Mon Oct 28 07:32:11 2002
> I noticed a bunch of really nice ham clues were getting skipped in some
> of my personal email's 'unsure' bucket. They were words like
> 'interconnection' and other longer techie-words. I added an option
> skip_max_word_size and tried boosting it to 20 (from the default of 12).
> cmp.py shows this (skip_max_word_size 12 on left, 20 on right)

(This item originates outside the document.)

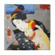 Carreau Femme de Kuniyoshi avec une tuile de chat
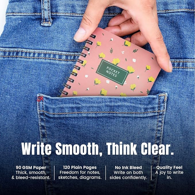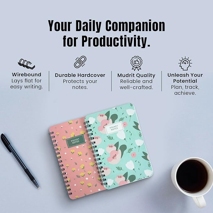 Small in size, big on purpose. This 2-pack of Mudrit A6 Wirebound Notebooks is perfect for capturing gratitude lists, goals, or quick ideas on the go. Compact, colorful, and easy to carry—your everyday companion for notes, thoughts, and creativity.

> total unique fp went from 0 to 0 tied
> mean fp % went from 0.0 to 0.0 tied
> false negative percentages
> 0.000 0.277 lost +(was 0)
> 0.559 0.838 lost +49.91%
> 0.836 1.114 lost +33.25%
> 0.279 0.836 lost +199.64%
> won 0 times
> tied 0 times
> lost 4 times
> total unique fn went from 6 to 11 lost +83.33%
> mean fn % went from 0.418410855729 to 0.766214465324 lost +83.12%
> Unfortunately, cmp.py skips the important bit. My 'unsure' numbers
> went from 164 to 135!
Under the default costs, this would be judged close to a wash: 5 new fn @
$1 was a loss of $5, while 29 fewer unsure @ $.20 was a gain of $5.80.
table.py would show this more clearly, and the histogram analysis (which
table.py summarizes) would tell us whether you could have gotten just as
good an improvement by changing your ham_cutoff and spam_cutoff values (it's
impossible to guess that from what you posted).
> I'm not sure if this is just something that's an artifact of my
> own data, or more general - if others could try it as well, it
> would be good.
It's something I haven't tried under chi-combining yet, so I will, but not
right now. In previous tests, boosting to 13 didn't have significant effect
on error rates but did boost the database size. This was before we had a
usable notion of middle ground, though, so I've no idea what effect those
older tests may have had on the unsure rate.